Latency rose by a few seconds. Answer quality recovered, and the lawyers started using the platform again within a month.
Results at a glance
The table below sums up the five RAG on Bedrock problems we faced in our client engagements. Each row covers the industry, our engagement covered, the problem faced, the solution we implemented, and the outcome that followed.
| Industry
| Problem
| Solution
| Outcome
|
|---|
| Insurance | Default chunking broke on a mixed set of long policies and short FAQs
| Two data sources in one Knowledge Base, with hierarchical chunking for policies and semantic for FAQs
| Accuracy up roughly 25 points
|
| Wealth management
| Retrieval worked, but the system prompt had no refusal path
| Rewrote the prompt with refusal logic, added a sufficiency check via InvokeModel
| Hallucination rate dropped to under 3%
|
| Logistics SaaS
| No metadata filter, so every query searched the full document set
| Bedrock filter expressions limited each query by client ID and document category
| Monthly query costs cut by roughly 80%
|
| Logistics SaaS
| One Knowledge Base per tenant hit Bedrock's 100-KB account limit at 80 customers
| Single Knowledge Base with tenant_id metadata filtering and IAM-level session scoping
| Onboarding ceiling removed, per-tenant costs eliminated
|
| Legal Tech
| Reranking pulled for latency, complex queries returned shallow matches with bad citations
| Restored reranking via Cohere Rerank 3 on an async path
| Answer quality recovered
|
Conclusion
These are five of the many RAG on Bedrock problems we have handled, and each one changed how we approach the next.
From our experience, we have noticed a pattern. The Bedrock defaults are good enough to get a pilot project running. But the moment the system has to handle production document volumes, complex queries, or multiple tenants, things start breaking. And, the architecture decisions that get postponed are usually the ones that needed to be made on day one, because the defaults made everything look fine.
So, we changed our approach. We test the default chunking against a representative sample of the document set before we ingest anything at scale. We write refusal instructions into the system prompt before the first user query. We decide on the multi-tenancy pattern based on where the customer count will be in the coming years, not where it is at launch. We add metadata filtering to the query layer before the document count grows past a few thousand, and we keep reranking in the architecture from launch, with an asynchronous path for the queries that need it.

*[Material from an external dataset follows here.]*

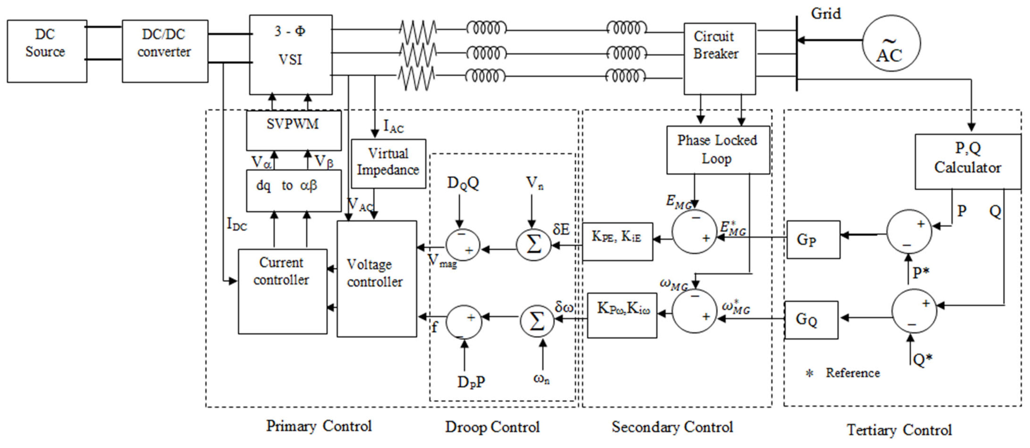 Primary control is implemented to achieve a balance between the required voltage regulation and power sharing at the expense of each other. The primary control leaves a steady-state error, which is fixed by the secondary control. Various secondary control methods are shown in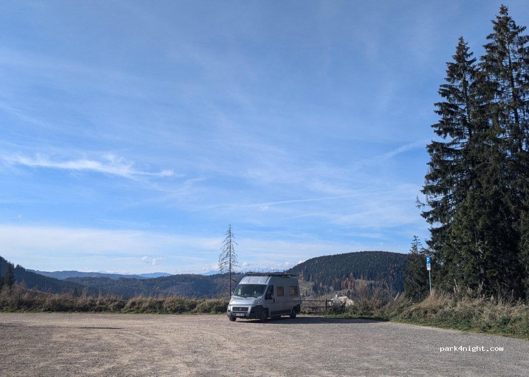 Parking du lac, il est possible d’y dormir. Le tarif est de 12€ si < 12h, sinon 24€ pour 12-24h. On a pu dormir loin des autres van et voitures. Très belle vue sur la forêt. WC disponible en journée mais fermé la nuit. Présence d’un snack en journée, le soir on peut utiliser les tables en bois du snack pour un pic nic. Sol en gravier, bien plat.

Whether you are planning a Bedrock RAG implementation or already running into one of these problems in production, our AWS developers can come in and work through it with your team.
Frequently Asked Questions (FAQs)
Running RAG on Bedrock involves three cost areas: token-based inference on the foundation model, the vector store behind the Knowledge Base, and add-ons like Guardrails or reranking. OpenSearch Serverless, the default vector store, runs roughly $345 per month for storage alone before any query traffic. For systems with light query traffic, that fixed cost often exceeds the inference cost.
The Bedrock RAG Evaluation has been generally available since March 2025. It scores context relevance, coverage, correctness, completeness, and faithfulness using an LLM-as-a-judge model. For production RAG on Bedrock builds, pair it with a golden dataset of 100 to 200 question-answer pairs that match your actual query distribution. Run the evaluation on every ingestion cycle.
Claude is the most common generation model on RAG on Bedrock builds because of its strong reasoning over retrieved context. For embeddings, Titan v2 works well on general English content. Cohere Embed performs better on multilingual or domain-specific corpora like legal or medical text. Evaluate two or three options on a 50-pair sample from your actual document set before committing.